Olay şöyledir: Eşi tarafından aldatıldığını öğrenen İran Şahı Şehriyar, bütün kadınlara düşman kesilir. Her gece bir başka kadınla olur. Her şafakta geceyi birlikte geçirdiği kadını idam ettirir. Onlarca kadının kurban edildiği bu süreçte, nihayet bir gün sıra Şehrazat adlı bir kıza gelir. O gece şahın odasına giren genç kız dahiyane bir şey yapar. Şafak sökmeden bir masal anlatmaya başlar. Gün ağarır ama masal bitmez. Şah, bitmeyen masalın sonunu dinleyebilmek için, Şehrazat'ın idamını bir sonraki güne erteler. Şehrazat, sonraki gece yarım kalan masalı tamamlar ama sonunu getirmeyeceği yeni bir masala başlar. Bu şekilde her gece devam eden ve fakat sonu getirilmeyen masallar, Şehriyar'ı kıza aşık eder. Şahın bir süre sonra "anlatma sonunu kıyamam sana" deme noktasına geldiği bu masallar dünya edebiyat tarihine muhteşem bir masal külliyatı kazandırmakla kalmaz, masalsı bir aşkın da hikayesi olur. İran’dan Paris’e giden iki acemden bu masalları dinleyen Montesqıeu, o masallardan aldığı ilhamla Acem Mektupları'nı yazar. Kitap, Fransa'da büyük bir yankı uyandırır. Kendisini, Yasaların Ruhu'na götürecek üne kavuşur. O yankı, o çağla sınırlı kalmaz. Geçtiğimiz yüzyılda Sezai Karakoç, “Sen Şehrazat bir lamba, bir hükümdar bakışında / Bir ölüm kuşunun feryadını duyarsın" dizeleriyle yönümüzü bir daha Şehrazat'a döndürür.
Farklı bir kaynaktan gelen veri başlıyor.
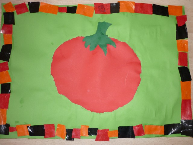 prikken: een tomaat + kleven volgens een patroon
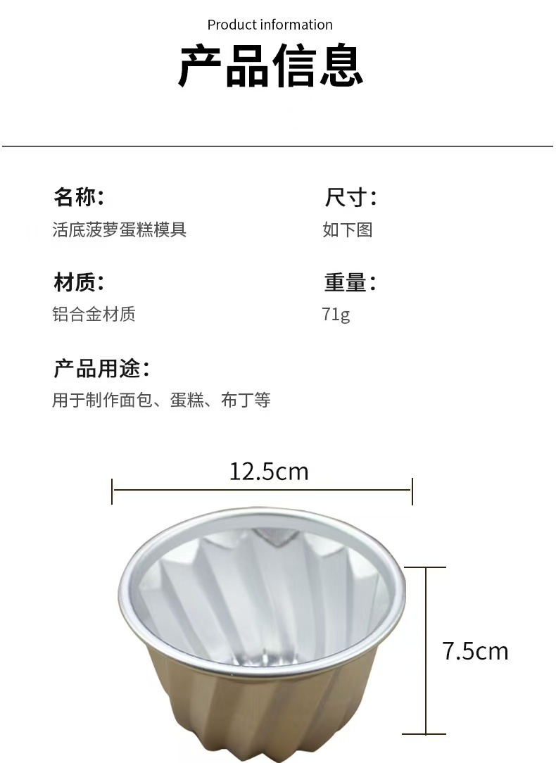 M-E08活底小号菠萝模 阳极烘焙模具 蛋糕面包 布丁果冻 脱模方便

Kuşkusuz, aşk yangınlarının ölümsüzleştirdiği kadınların sayısı üçle beşle sınırlı değil. Şarkılardan, şiirlerden ya da başka eserlerden yola çıkarak dilediğiniz kadar örnek bulmakta; bu çarpıcı örneklerden hareketle oluşturulan yargıya, "bütün genellemeler yanlıştır, bu da dahil" sözüyle karşı çıkmakta mümkündür. Ama insanlık tarihindeki ilk cinayetin bir kız uğruna işlendiği ve son peygamber Hz. Muhammed'e, bu dünyada sevdirilen üç şeyden birinin kadın olduğu hatırlanırsa, herhalde bu yargı havada kalmaz.
Yanılıyor muyum yoksa?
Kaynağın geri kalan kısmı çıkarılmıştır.